• Information provided:
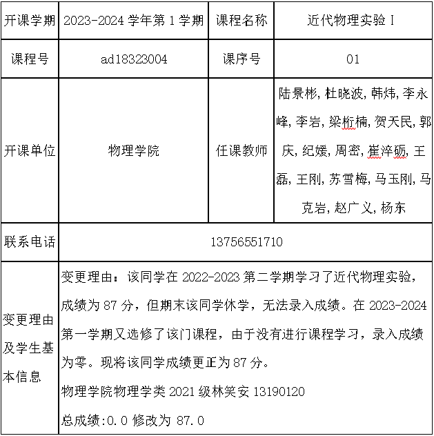 公示日期: 2024年_3月_21日至2024年_3月_27日,如有异议请于公示期内向教务处教学运行科反映。 联系人: 邹老师 联系电话: 0431-85168962 相关材料详见附件: 1.吉林大学考核成绩复查、修改登记表 2.学院情况说明(学院教学委员会讨论通过、签字盖章) 3.试卷等相关佐证材料
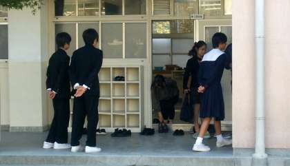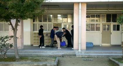 まずは、係生徒がゲストティーチャーを各教室までご案内。
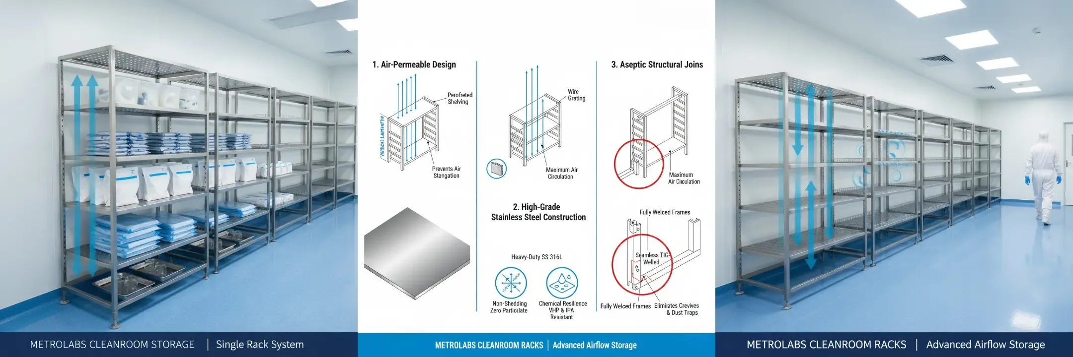 In a controlled environment, how you store raw materials, components, and finished products directly impacts your facility’s airflow and particulate count. Metrolabs provides high-accuracy Cleanroom Material Storage Racks, engineered to provide maximum storage density while supporting the “Zero-Ledge” hygiene standards of pharmaceutical, biotech, and semiconductor industries.
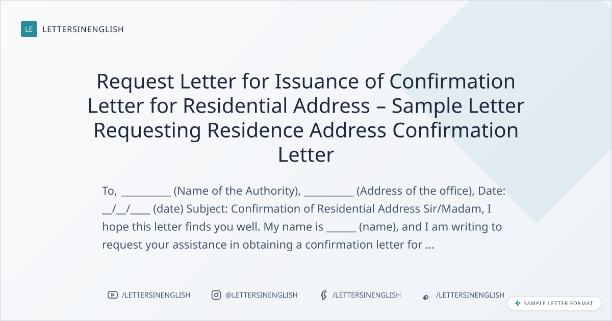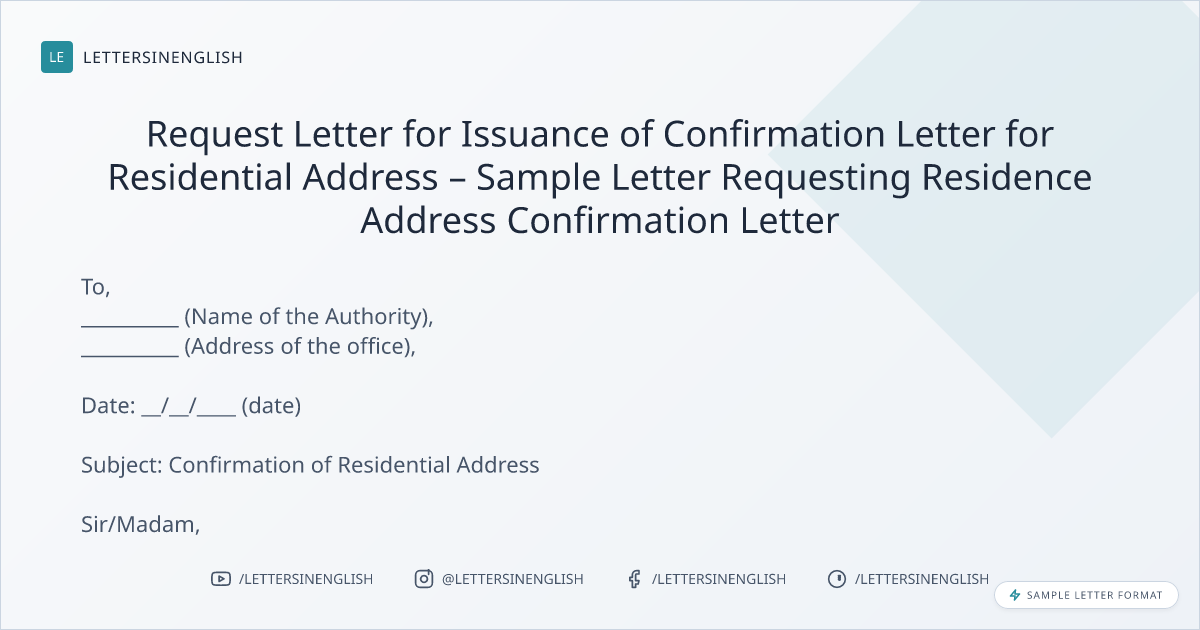Request Letter for Issuance of Confirmation Letter for Residential Address – Sample Letter Requesting Residence Address Confirmation Letter

• Instructions for the task: Retype the listing exactly. Pictures do not belong in the copy.

• Response to the task:
 公示日期: 2024年_3月_21日至2024年_3月_27日,如有异议请于公示期内向教务处教学运行科反映。 联系人: 邹老师 联系电话: 0431-85168962 相关材料详见附件: 1.吉林大学考核成绩复查、修改登记表 2.学院情况说明(学院教学委员会讨论通过、签字盖章) 3.试卷等相关佐证材料
 まずは、係生徒がゲストティーチャーを各教室までご案内。
 In a controlled environment, how you store raw materials, components, and finished products directly impacts your facility’s airflow and particulate count. Metrolabs provides high-accuracy Cleanroom Material Storage Racks, engineered to provide maximum storage density while supporting the “Zero-Ledge” hygiene standards of pharmaceutical, biotech, and semiconductor industries.
Request Letter for Issuance of Confirmation Letter for Residential Address – Sample Letter Requesting Residence Address Confirmation Letter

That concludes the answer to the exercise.